You haven’t heard from me for a few weeks now because I’ve been in Guatemala, doing some writing and preparing for the third Lake Atitlan Writing Workshop, taking place next week.

This past weekend, though, I made a whirlwind trip back to the U.S.: A half hour boat ride, three hour car ride, six and a half hour plane ride…. all for the purpose of getting up on a stage in Sacramento yesterday to have a talk with a writer I have long admired, Norman Mailer. He’s been touring the country in support of his new book (his 36th), called Castle in the Forest. Four days after his 84th birthday, I caught up with him in Sacramento.

As long as it took to get there, and then turn right around and get back to the lake, I’m so happy I made that trip, my conversation with Mailer was that inspiring and, very simply, so much fun. We talked about many things: his new book (a fictional exploration into the childhood of Adolf Hitler), his six marriages, his nine children, the life of a writer, his dismay over the Iraq war, his frequently untidy and occasionally notorious adventures, sex (one of his favorite topics), his theory about the origins of evil, and the existence of God. In whom he believes, he said—though not as an all-powerful being but rather, a constantly embattled force of goodness, in a world where devils are also at work.

I had worried a little about Mailer’s age, having heard that he is pretty hard of hearing now, and that his eyesight is poor. And in fact, the sturdy, barrel-chested man I’d seen in photographs was not the one who walked—very slowly, on two canes—onto the stage at the Crest Theater yesterday (to a sellout crowd of a thousand who had chosen this event over the Super Bowl).

But what I found, the moment we began to talk, was a man still in possession of fierce intelligence, wit and energy—a sparring partner, if ever there was one. We had a great time talking, and could have gone on a lot longer if he hadn’t had another engagement in San Francisco, and I, a plane to catch, to Guatemala.

So—less than eighteen hours later—my high heels are packed away and I’m back in my bathing suit, meditating on the volcano out my window and making final preparations for the arrival of the twenty-seven writing students (and one other teacher—my great friend Bob Bausch) who will be joining me here, this Saturday. If you are among those who sometimes consider attending one of my Guatemala workshops, I want to urge you to try and make it, next time. I know we’re going to have an astonishing week.

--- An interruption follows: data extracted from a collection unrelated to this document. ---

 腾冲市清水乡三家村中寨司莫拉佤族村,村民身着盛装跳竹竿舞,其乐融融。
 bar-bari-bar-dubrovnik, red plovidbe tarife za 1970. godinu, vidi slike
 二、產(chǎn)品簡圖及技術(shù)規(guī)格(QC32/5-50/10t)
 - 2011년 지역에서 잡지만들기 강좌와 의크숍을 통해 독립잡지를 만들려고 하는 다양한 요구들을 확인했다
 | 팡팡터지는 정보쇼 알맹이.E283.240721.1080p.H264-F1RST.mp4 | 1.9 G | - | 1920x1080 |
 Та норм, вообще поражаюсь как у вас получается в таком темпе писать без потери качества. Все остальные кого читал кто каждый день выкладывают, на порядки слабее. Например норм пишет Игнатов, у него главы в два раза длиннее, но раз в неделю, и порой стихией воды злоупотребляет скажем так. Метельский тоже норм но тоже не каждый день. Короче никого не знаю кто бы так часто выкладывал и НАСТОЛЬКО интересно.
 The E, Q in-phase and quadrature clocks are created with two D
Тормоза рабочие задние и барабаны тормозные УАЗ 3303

Once again, I am sharing with you a piece of writing of mine. This time it’s an essay I call Your Friend Always, and it’s part of a collection that comes out this month, with Doubleday, titled Mr. Wrong, edited by Harriet Brown—pieces by twenty-five women writers, on relationships with men that proved to be a less than great idea. This essay also appears in the current (February) issue of Vogue Magazine.

So there you have it. A little Mr. Wrong, a little Norman Mailer. I think I’ll leave you with something he said to me, in Sacramento yesterday, when I asked what it was like for him—a former boxer, a famous brawler and a man who exemplified a certain kind of macho virility—to find himself leaning on those two canes, and straining to hear my voice.

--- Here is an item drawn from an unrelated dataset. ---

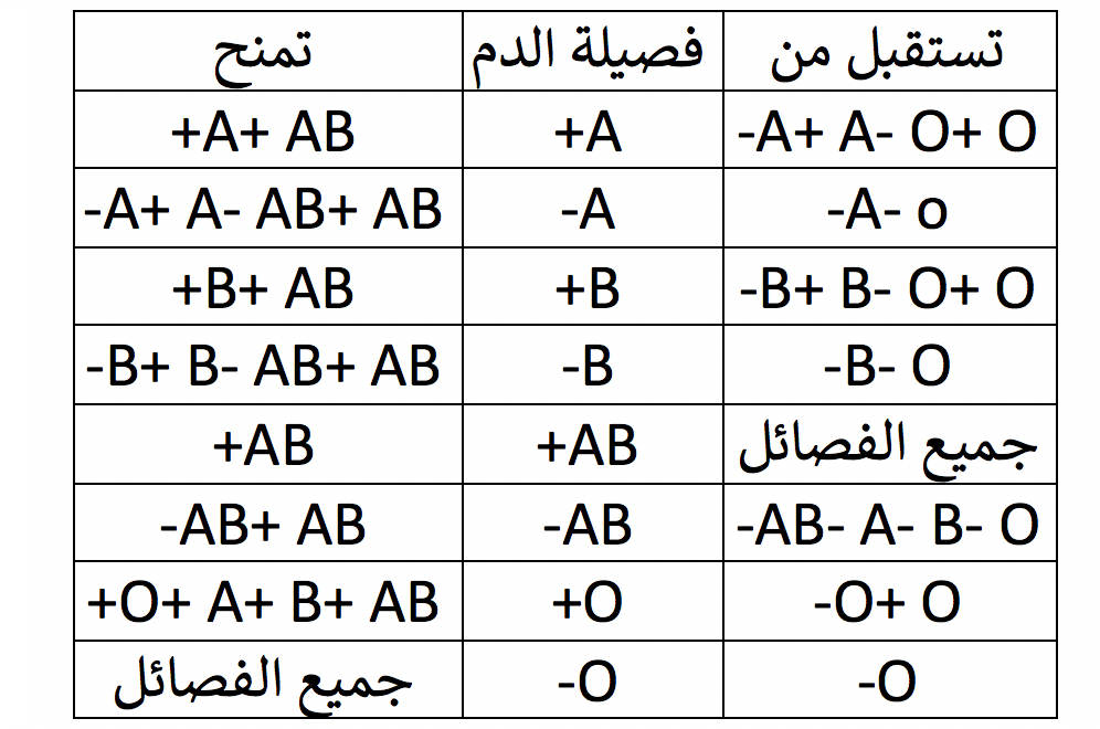 ونوضح هنا الفصائل المانحة والمستقبلة بالتفصيل: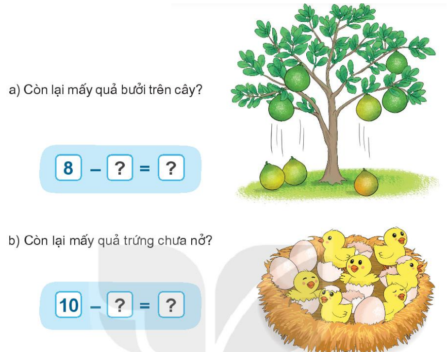 b) Dựa vào bức tranh hoặc tính nhẩm để điền số thích hợp.

“I think of myself as something like a freighter,” he said, “moving slowly through rough seas to my destination. I have had to throw some things overboard, to lighten the load—knees first, then hearing, now it’s sight.

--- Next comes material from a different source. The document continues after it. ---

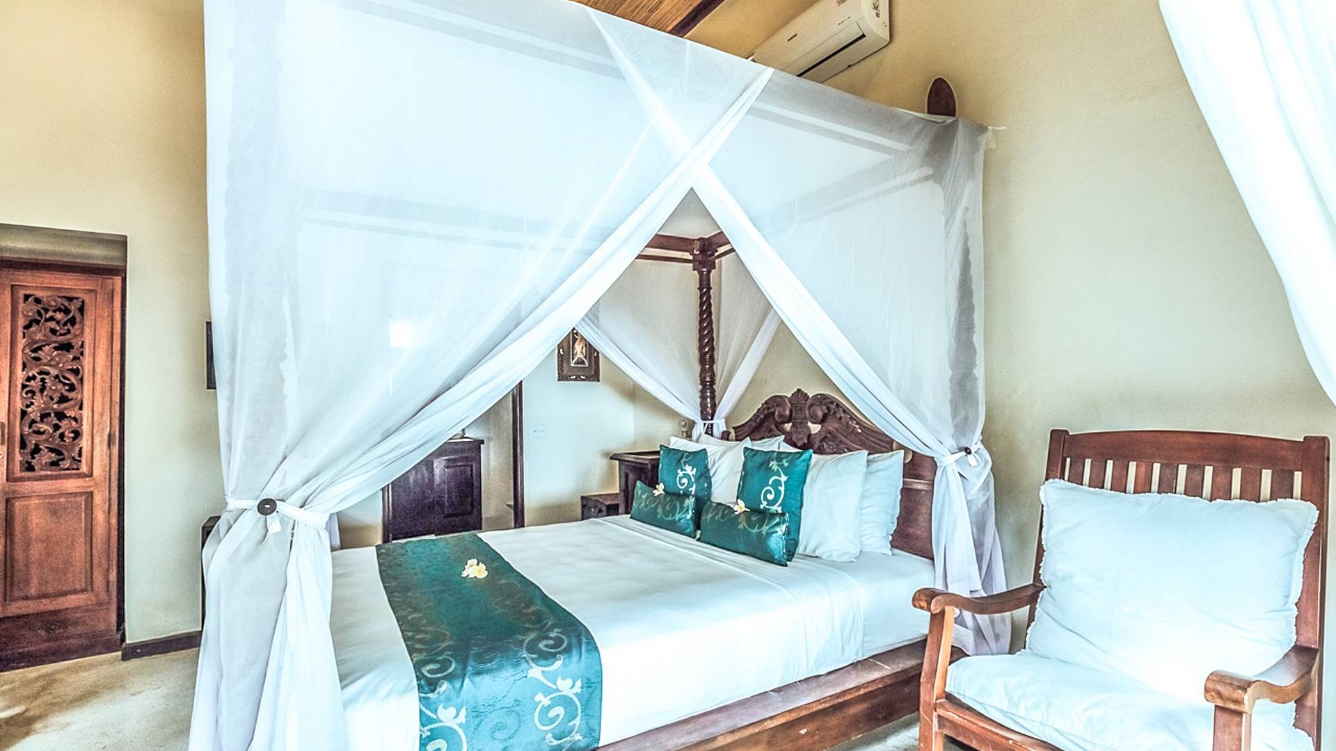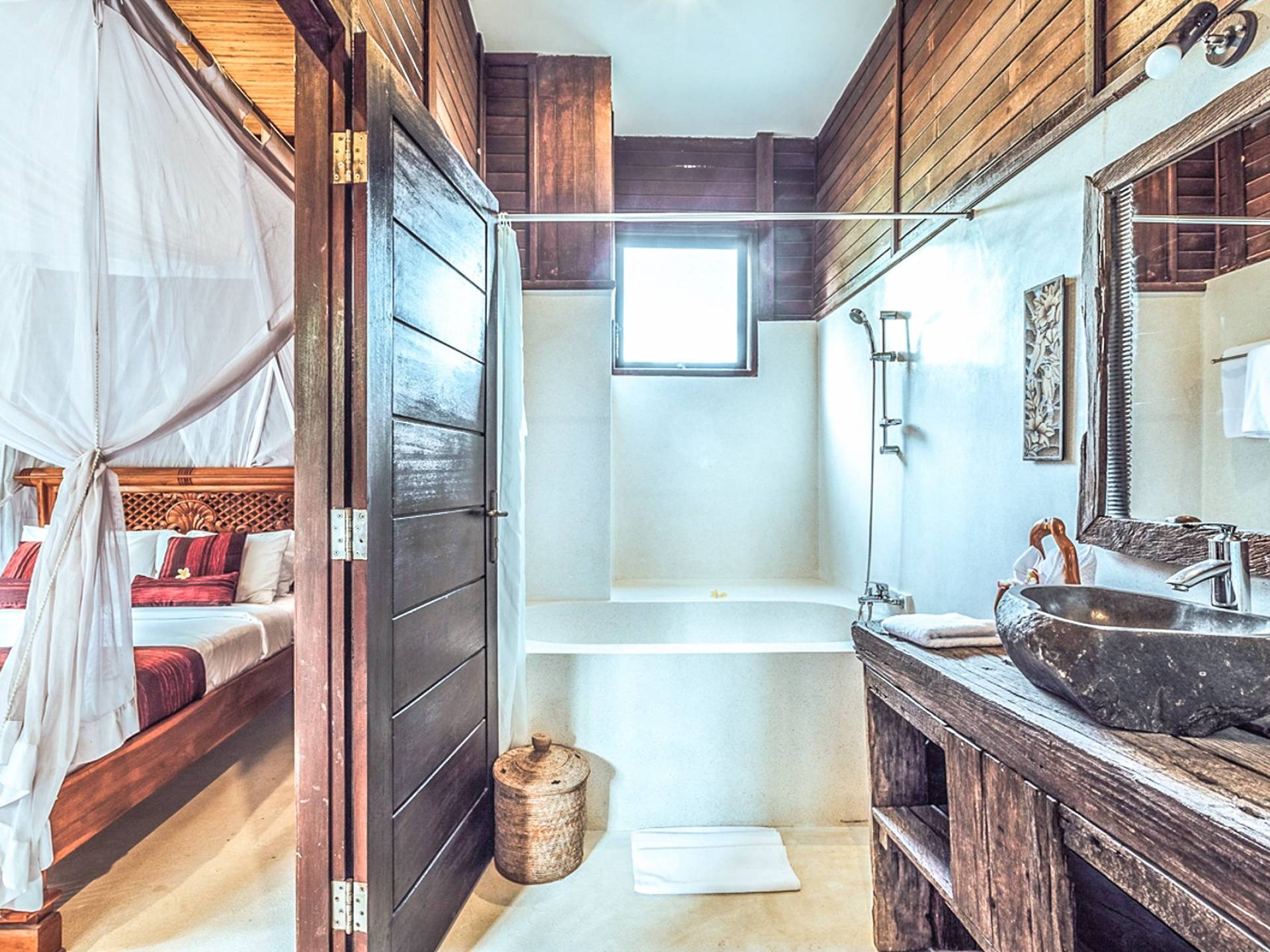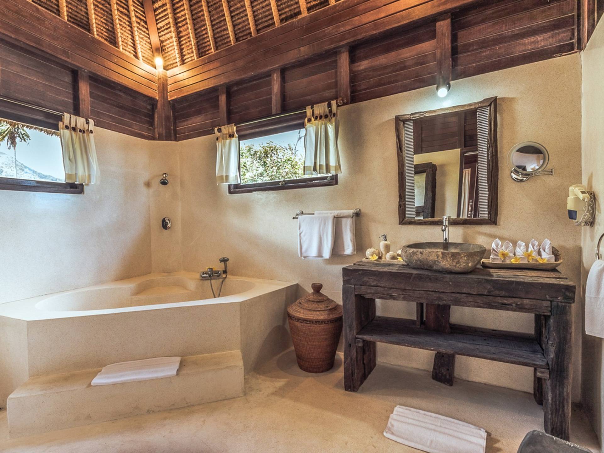 Il possède également sa propre plage et un mini zoo avec des animaux exotiques. Il propose des piscines extérieures donnant sur l'océan Indien, un complexe de spa, un salon, une connexion Wi-Fi gratuite et un bar. Des villas étonnamment bien équipées sont décorées dans un style balinais moderne. Les terrasses offrent des vues pittoresques sur l'océan Indien et les paysages environnants. Vous pourrez explorer Bali en faisant une randonnée ou en faisant des excursions, en pratiquant le yoga, la plongée en apnée, la plongée et la pêche. Après une journée active, nos clients peuvent profiter d'un massage relaxant et visiter le sauna. Il est également possible d'engager des cuisiniers pour préparer les repas.

“They can all go, so long as I hold onto this,” he said, pointing to his head, his fearsome brain.

The new book may not be his last, by the way. He hopes he has a couple more left. To that end, he works every day. His chief concern, that afternoon: a cut on his thumb, incurred when he picked up the wrong end of his razor. Luckily, however, not his writing hand.

Off I go to dive into Lake Atitlan. I hope you enjoy the story. (Every word is true, sad to say.)